[Records to use Boundary: Start]

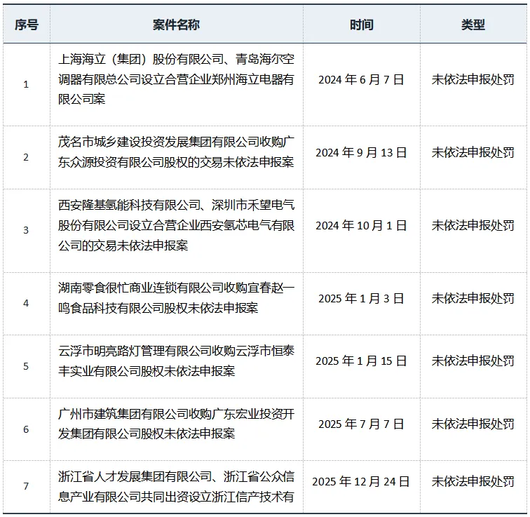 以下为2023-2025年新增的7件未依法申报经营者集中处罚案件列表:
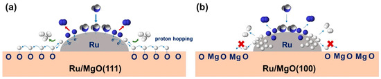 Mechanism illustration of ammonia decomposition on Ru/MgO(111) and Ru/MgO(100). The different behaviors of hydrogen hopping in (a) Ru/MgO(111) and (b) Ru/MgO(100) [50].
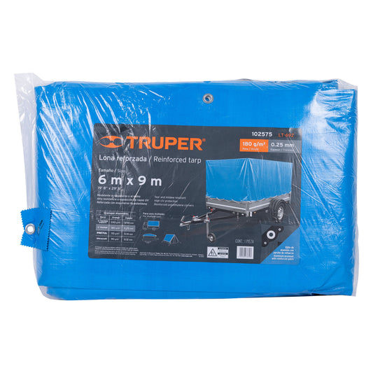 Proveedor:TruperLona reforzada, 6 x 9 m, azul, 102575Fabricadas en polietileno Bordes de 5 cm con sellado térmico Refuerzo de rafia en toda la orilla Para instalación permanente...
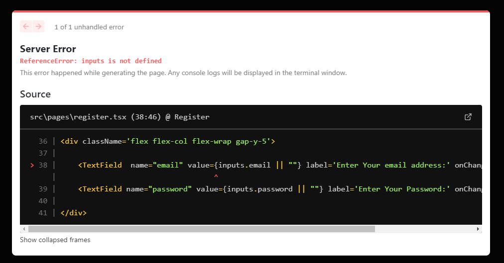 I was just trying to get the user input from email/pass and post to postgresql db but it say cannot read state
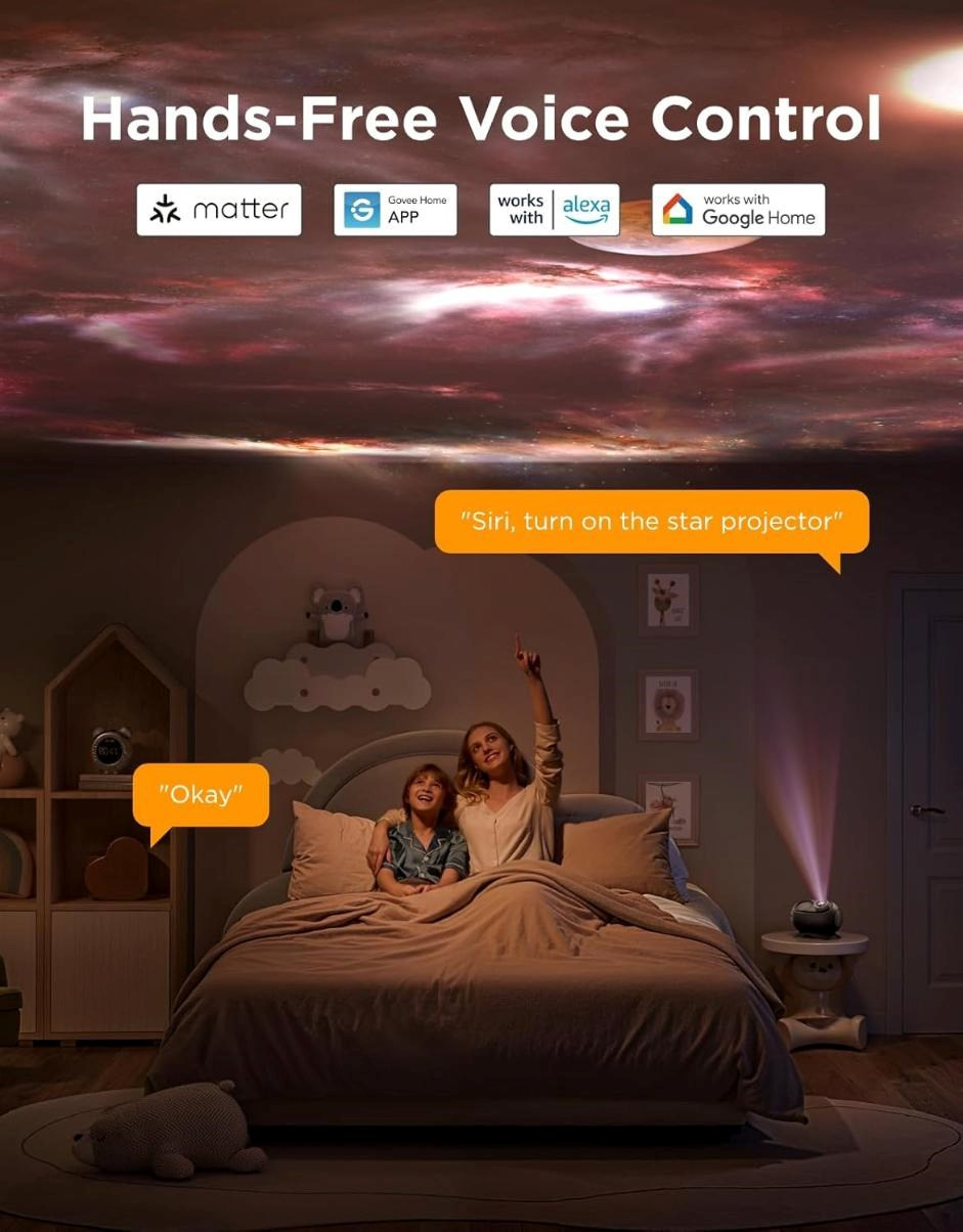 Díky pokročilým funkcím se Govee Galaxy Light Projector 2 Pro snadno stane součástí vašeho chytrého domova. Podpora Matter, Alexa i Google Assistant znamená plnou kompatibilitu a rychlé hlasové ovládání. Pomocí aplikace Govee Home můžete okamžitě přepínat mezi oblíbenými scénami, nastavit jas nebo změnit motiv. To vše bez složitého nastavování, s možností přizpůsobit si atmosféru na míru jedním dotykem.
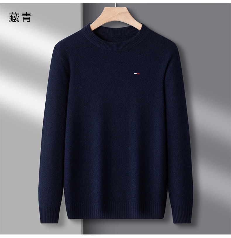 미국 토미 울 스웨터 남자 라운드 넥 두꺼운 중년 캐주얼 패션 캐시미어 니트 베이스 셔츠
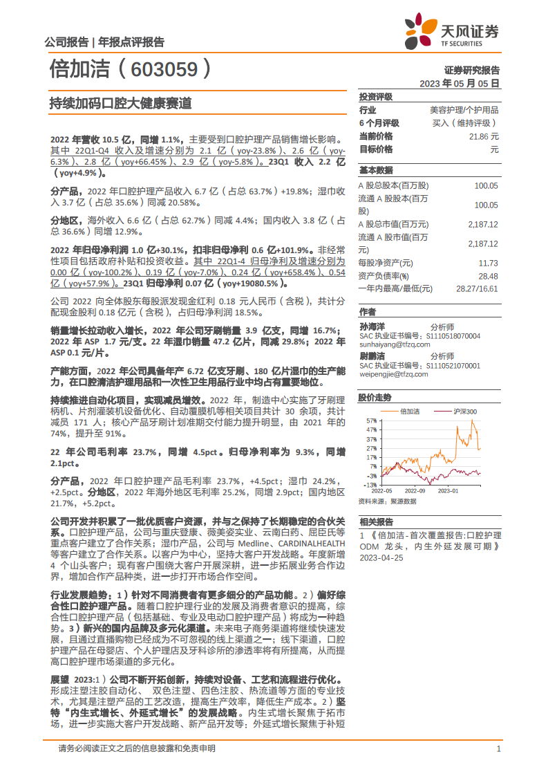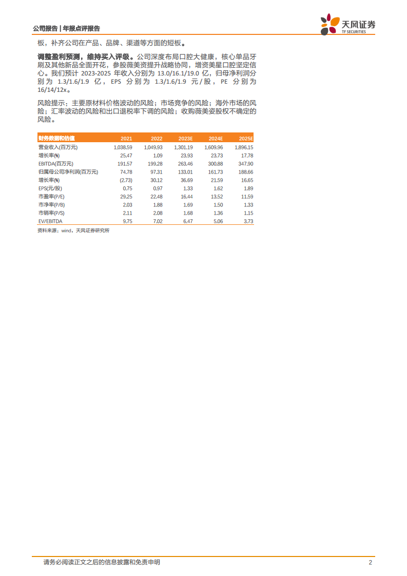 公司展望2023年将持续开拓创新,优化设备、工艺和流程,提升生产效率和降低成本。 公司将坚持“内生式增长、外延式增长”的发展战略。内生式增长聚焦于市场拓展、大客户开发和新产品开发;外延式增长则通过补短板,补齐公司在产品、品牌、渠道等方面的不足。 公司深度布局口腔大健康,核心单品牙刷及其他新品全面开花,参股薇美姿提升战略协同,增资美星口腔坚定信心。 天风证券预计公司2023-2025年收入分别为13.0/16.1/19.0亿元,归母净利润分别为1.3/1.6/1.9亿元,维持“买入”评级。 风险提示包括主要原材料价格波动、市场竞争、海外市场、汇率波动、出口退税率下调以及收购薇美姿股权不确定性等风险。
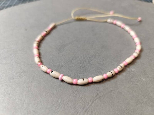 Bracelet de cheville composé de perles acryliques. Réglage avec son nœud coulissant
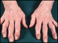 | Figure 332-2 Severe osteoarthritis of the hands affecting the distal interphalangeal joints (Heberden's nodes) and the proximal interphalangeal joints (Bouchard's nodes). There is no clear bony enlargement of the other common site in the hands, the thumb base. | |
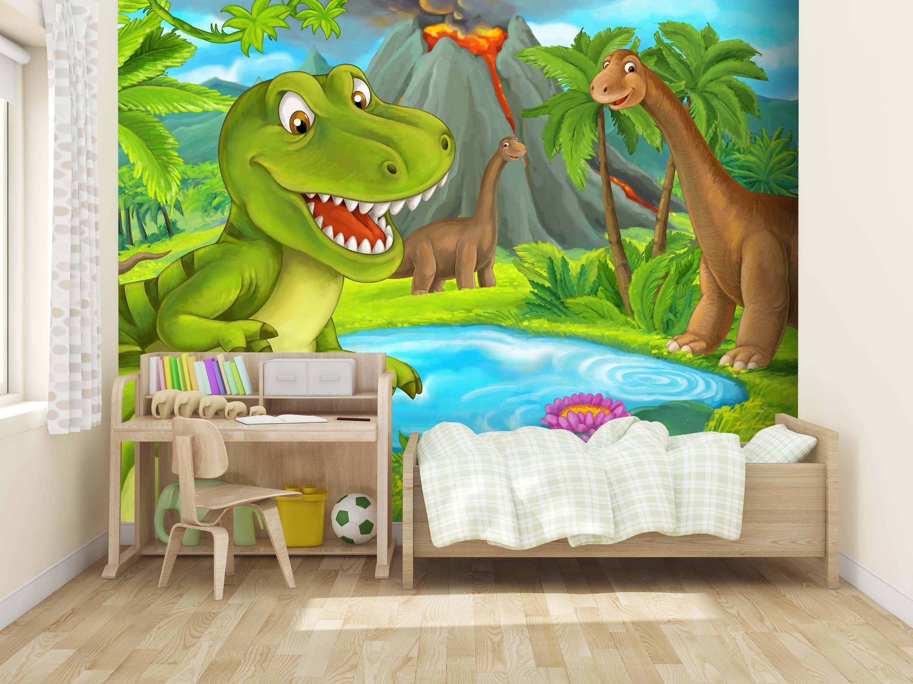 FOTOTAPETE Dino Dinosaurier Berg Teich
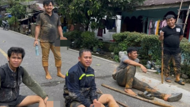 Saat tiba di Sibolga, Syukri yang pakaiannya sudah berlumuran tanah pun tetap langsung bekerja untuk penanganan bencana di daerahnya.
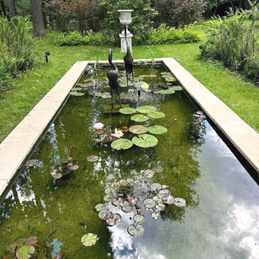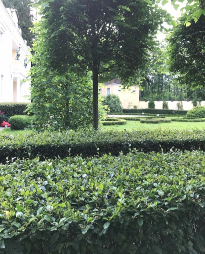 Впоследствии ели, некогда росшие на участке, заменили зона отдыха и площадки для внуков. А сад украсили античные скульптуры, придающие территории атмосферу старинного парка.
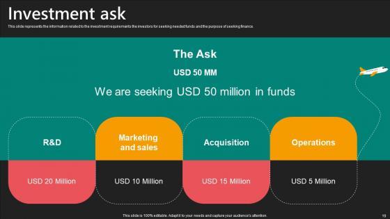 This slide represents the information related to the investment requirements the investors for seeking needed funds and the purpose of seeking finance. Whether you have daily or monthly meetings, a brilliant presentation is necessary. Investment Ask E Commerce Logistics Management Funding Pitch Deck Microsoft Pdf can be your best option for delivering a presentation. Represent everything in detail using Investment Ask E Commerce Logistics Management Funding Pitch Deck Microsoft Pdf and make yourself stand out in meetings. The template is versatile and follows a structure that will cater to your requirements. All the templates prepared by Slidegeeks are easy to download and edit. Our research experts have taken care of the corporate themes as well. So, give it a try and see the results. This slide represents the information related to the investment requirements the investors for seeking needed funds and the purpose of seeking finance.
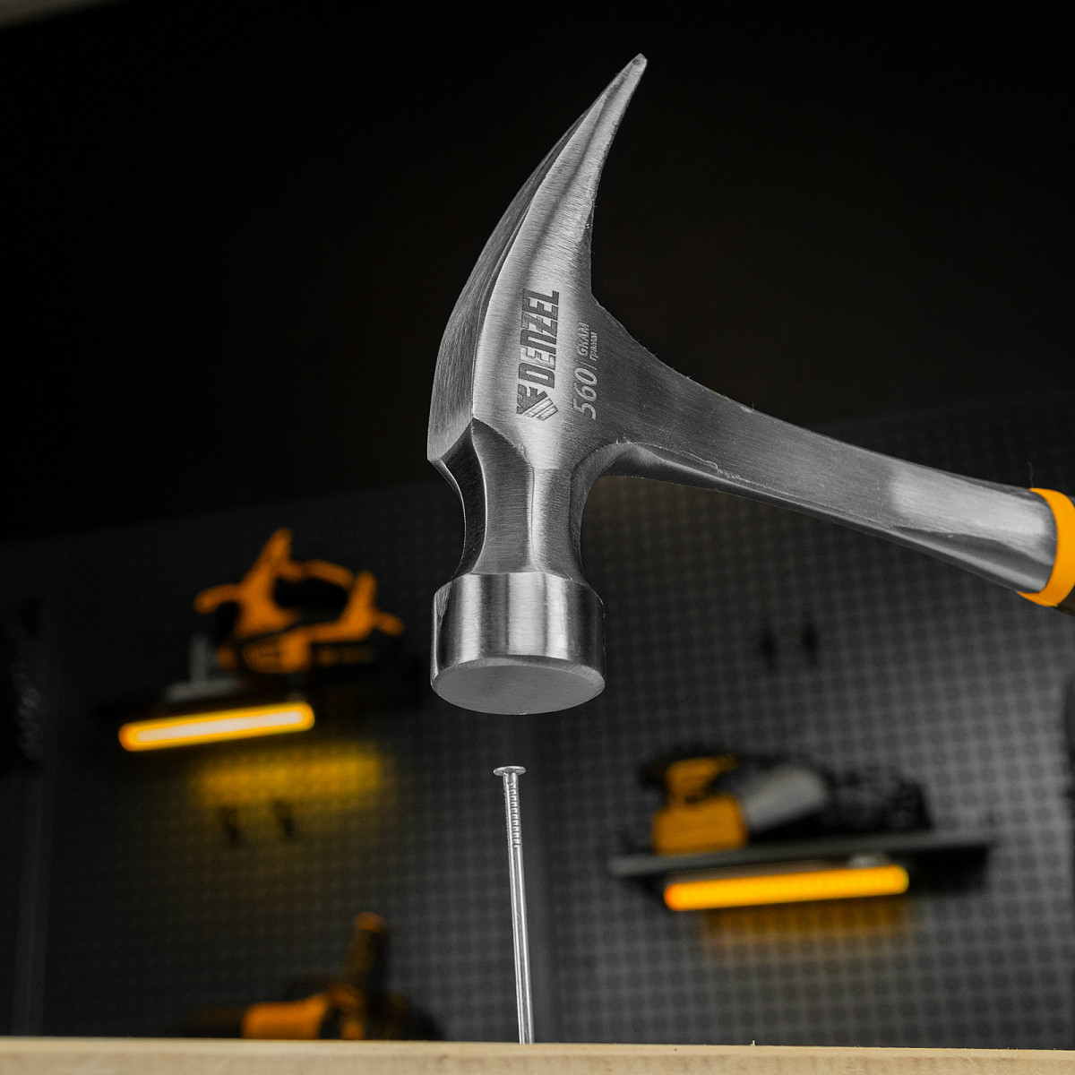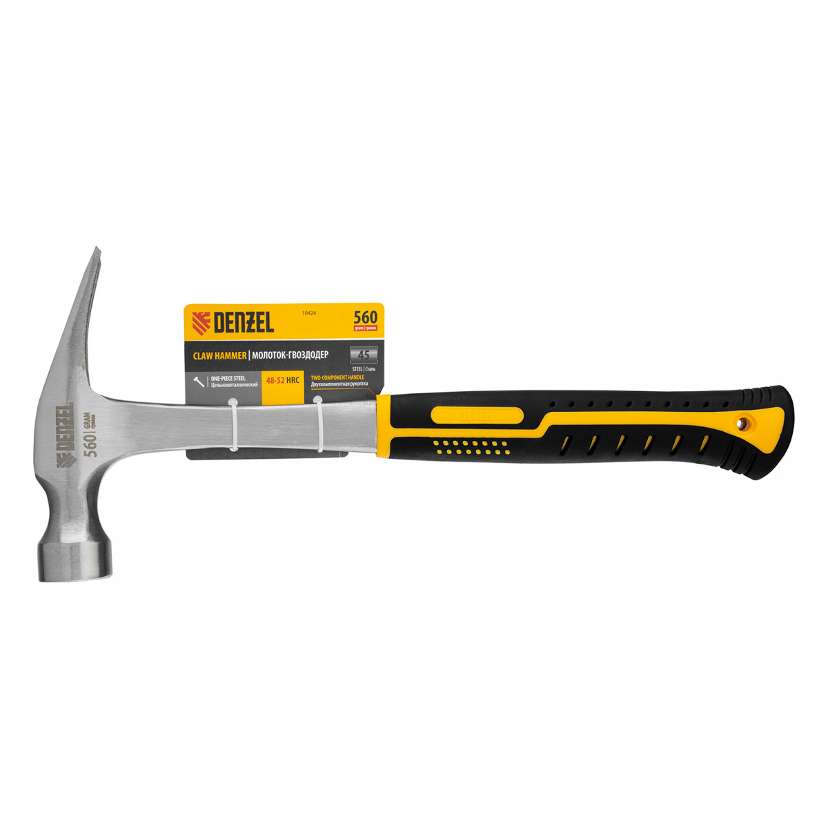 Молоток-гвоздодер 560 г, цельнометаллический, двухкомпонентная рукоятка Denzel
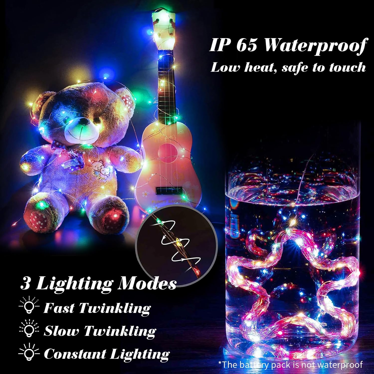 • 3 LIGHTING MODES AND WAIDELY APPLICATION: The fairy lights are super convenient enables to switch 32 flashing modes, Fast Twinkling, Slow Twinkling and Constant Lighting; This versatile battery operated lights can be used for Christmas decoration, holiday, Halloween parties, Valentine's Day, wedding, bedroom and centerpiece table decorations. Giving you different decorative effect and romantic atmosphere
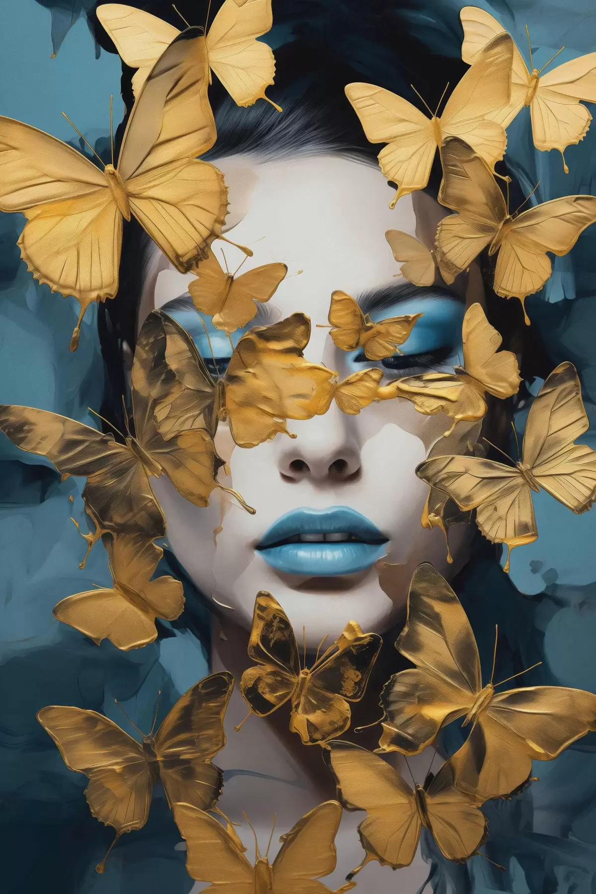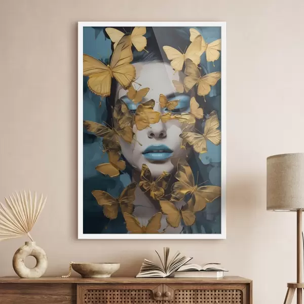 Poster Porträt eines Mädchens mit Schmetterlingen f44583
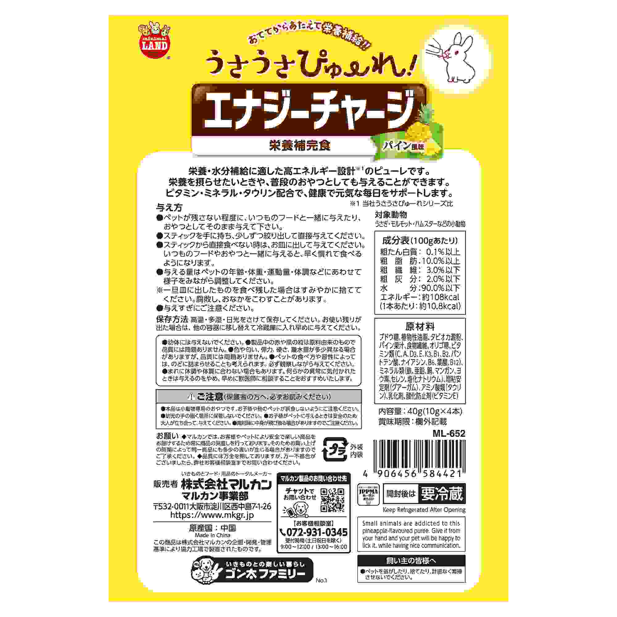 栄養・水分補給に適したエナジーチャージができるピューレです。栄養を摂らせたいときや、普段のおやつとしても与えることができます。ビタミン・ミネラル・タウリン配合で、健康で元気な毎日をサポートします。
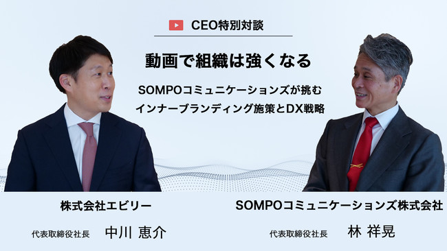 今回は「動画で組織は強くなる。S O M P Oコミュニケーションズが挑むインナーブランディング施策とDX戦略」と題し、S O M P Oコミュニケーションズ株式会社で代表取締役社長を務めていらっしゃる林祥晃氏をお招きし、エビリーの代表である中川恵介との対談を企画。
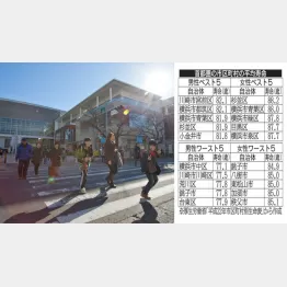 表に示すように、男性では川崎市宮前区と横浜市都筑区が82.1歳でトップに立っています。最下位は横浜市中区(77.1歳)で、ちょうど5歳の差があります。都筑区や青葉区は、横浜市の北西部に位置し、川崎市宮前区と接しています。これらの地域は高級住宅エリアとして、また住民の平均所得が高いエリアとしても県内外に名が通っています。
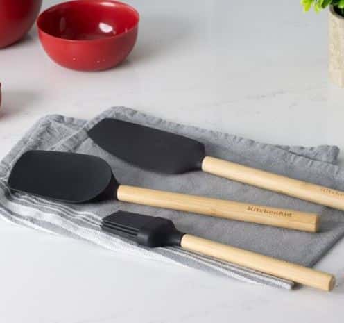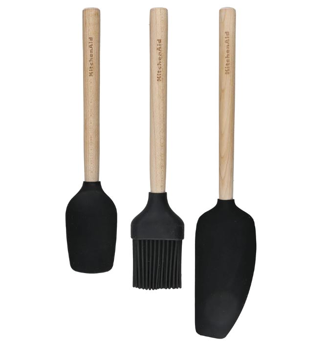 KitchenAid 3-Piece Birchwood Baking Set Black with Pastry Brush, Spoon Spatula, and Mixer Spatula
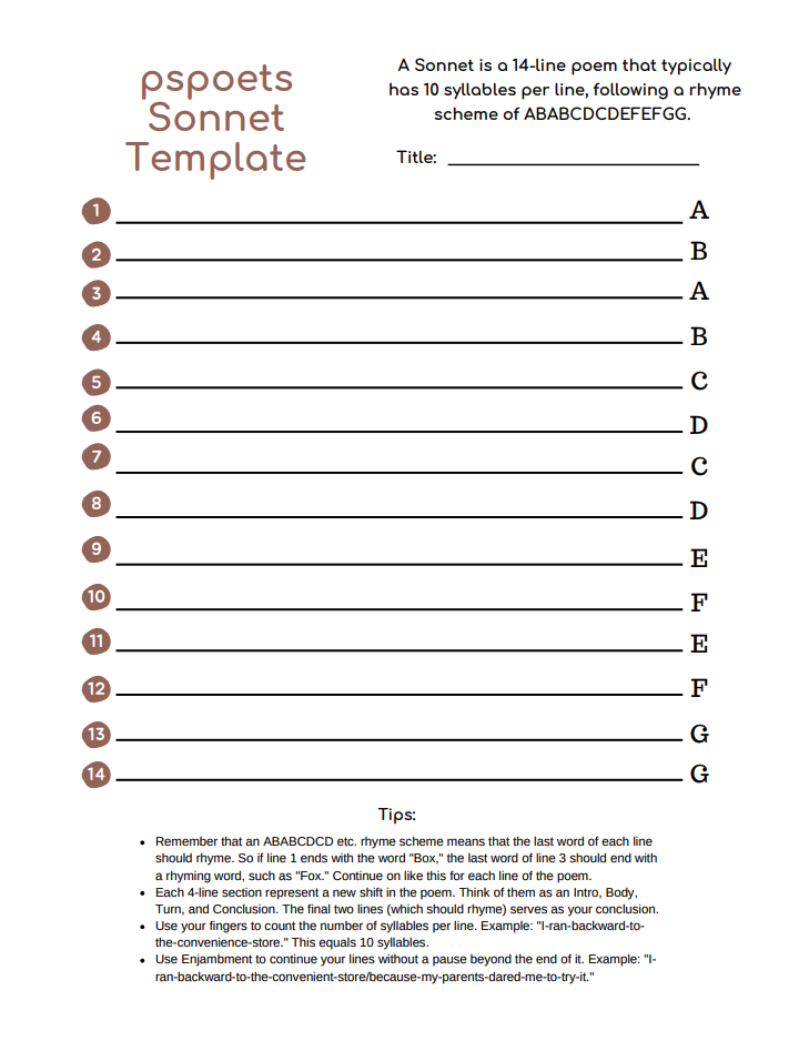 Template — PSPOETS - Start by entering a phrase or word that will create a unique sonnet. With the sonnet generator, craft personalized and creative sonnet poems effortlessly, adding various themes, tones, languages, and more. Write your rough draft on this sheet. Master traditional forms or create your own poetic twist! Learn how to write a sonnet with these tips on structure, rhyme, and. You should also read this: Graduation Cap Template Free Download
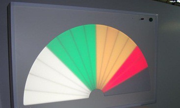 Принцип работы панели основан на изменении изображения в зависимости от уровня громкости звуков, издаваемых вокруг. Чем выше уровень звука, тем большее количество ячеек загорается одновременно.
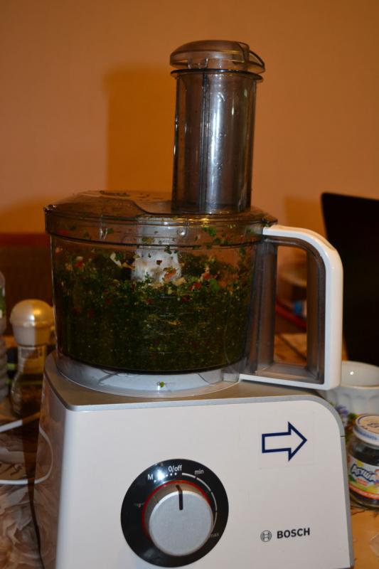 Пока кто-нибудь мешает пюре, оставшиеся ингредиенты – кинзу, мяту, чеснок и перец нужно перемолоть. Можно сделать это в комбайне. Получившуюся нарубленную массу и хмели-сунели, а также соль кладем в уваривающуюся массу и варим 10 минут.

[Records to use Boundary: End]

Task to complete — Up to and including the line containing "I was just trying", quote each line of the entries above from the very first, please, exactly and without images.

Written answer —
 以下为2023-2025年新增的7件未依法申报经营者集中处罚案件列表:
 Mechanism illustration of ammonia decomposition on Ru/MgO(111) and Ru/MgO(100). The different behaviors of hydrogen hopping in (a) Ru/MgO(111) and (b) Ru/MgO(100) [50].
 Proveedor:TruperLona reforzada, 6 x 9 m, azul, 102575Fabricadas en polietileno Bordes de 5 cm con sellado térmico Refuerzo de rafia en toda la orilla Para instalación permanente...
 I was just trying to get the user input from email/pass and post to postgresql db but it say cannot read state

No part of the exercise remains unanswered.